- **Assignment**
Only what runs from the line with "九月二十三日,北京市園林局在" to the end of the data should appear in the answer, exactly as written and without pictures.

- **Dataset content**

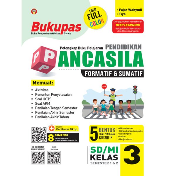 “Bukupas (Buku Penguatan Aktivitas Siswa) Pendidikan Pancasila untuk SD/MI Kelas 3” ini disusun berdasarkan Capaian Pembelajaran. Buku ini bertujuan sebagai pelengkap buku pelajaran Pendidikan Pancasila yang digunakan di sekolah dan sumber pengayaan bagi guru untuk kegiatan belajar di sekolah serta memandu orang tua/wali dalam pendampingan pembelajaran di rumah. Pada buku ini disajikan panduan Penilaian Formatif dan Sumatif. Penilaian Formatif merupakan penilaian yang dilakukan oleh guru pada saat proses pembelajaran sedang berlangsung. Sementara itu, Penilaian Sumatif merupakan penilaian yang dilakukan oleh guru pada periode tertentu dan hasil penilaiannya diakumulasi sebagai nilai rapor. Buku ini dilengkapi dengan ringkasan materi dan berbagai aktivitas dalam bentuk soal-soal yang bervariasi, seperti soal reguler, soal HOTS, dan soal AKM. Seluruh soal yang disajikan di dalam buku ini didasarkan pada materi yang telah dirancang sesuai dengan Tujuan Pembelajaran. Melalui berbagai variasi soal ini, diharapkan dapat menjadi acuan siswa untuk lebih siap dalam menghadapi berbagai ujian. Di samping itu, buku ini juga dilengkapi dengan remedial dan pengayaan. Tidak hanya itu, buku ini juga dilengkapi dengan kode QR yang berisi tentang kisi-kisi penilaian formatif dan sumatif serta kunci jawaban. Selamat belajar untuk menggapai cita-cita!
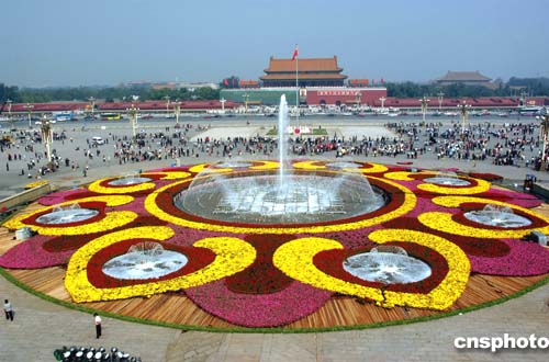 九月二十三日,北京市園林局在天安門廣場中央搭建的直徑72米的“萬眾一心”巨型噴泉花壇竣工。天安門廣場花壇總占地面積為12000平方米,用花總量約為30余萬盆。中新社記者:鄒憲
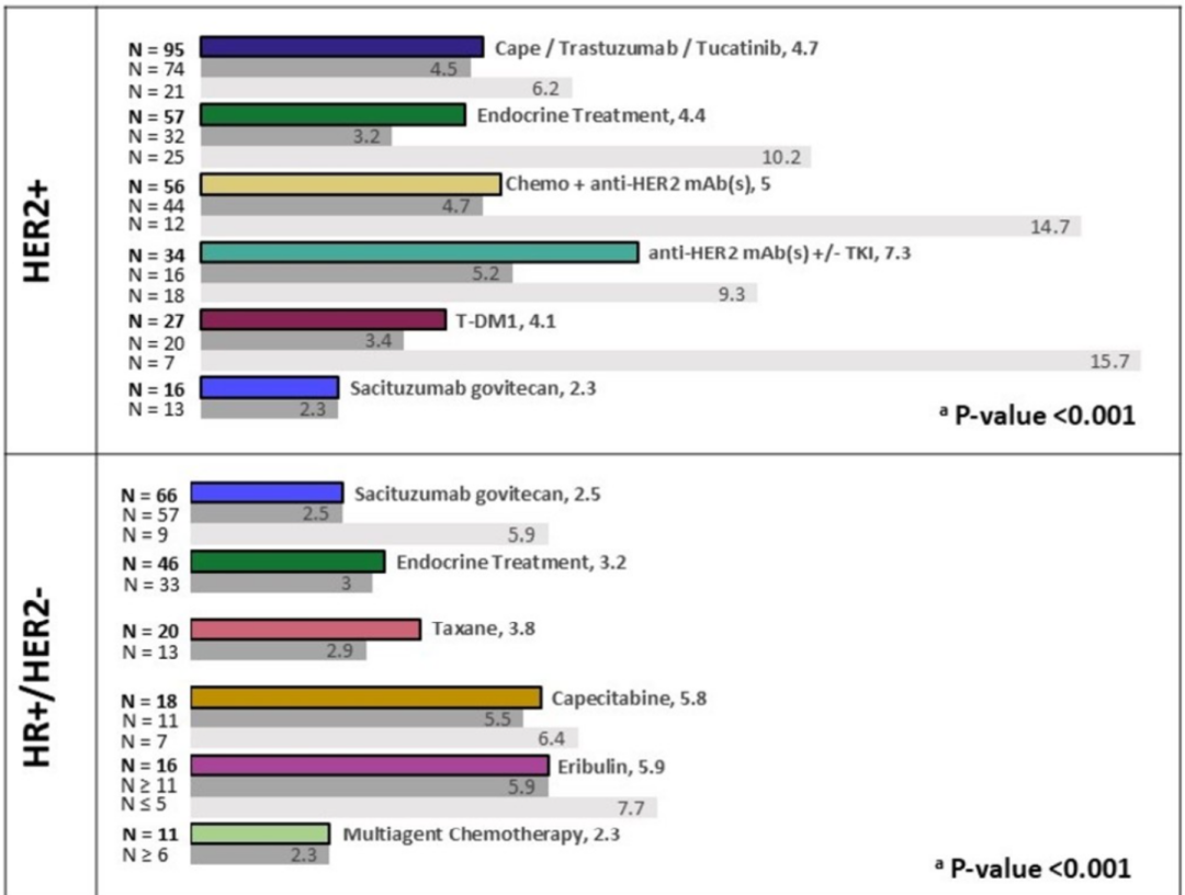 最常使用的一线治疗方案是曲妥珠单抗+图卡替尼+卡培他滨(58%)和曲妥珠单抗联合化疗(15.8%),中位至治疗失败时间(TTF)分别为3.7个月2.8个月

- **Your solution**
 九月二十三日,北京市園林局在天安門廣場中央搭建的直徑72米的“萬眾一心”巨型噴泉花壇竣工。天安門廣場花壇總占地面積為12000平方米,用花總量約為30余萬盆。中新社記者:鄒憲
 最常使用的一线治疗方案是曲妥珠单抗+图卡替尼+卡培他滨(58%)和曲妥珠单抗联合化疗(15.8%),中位至治疗失败时间(TTF)分别为3.7个月2.8个月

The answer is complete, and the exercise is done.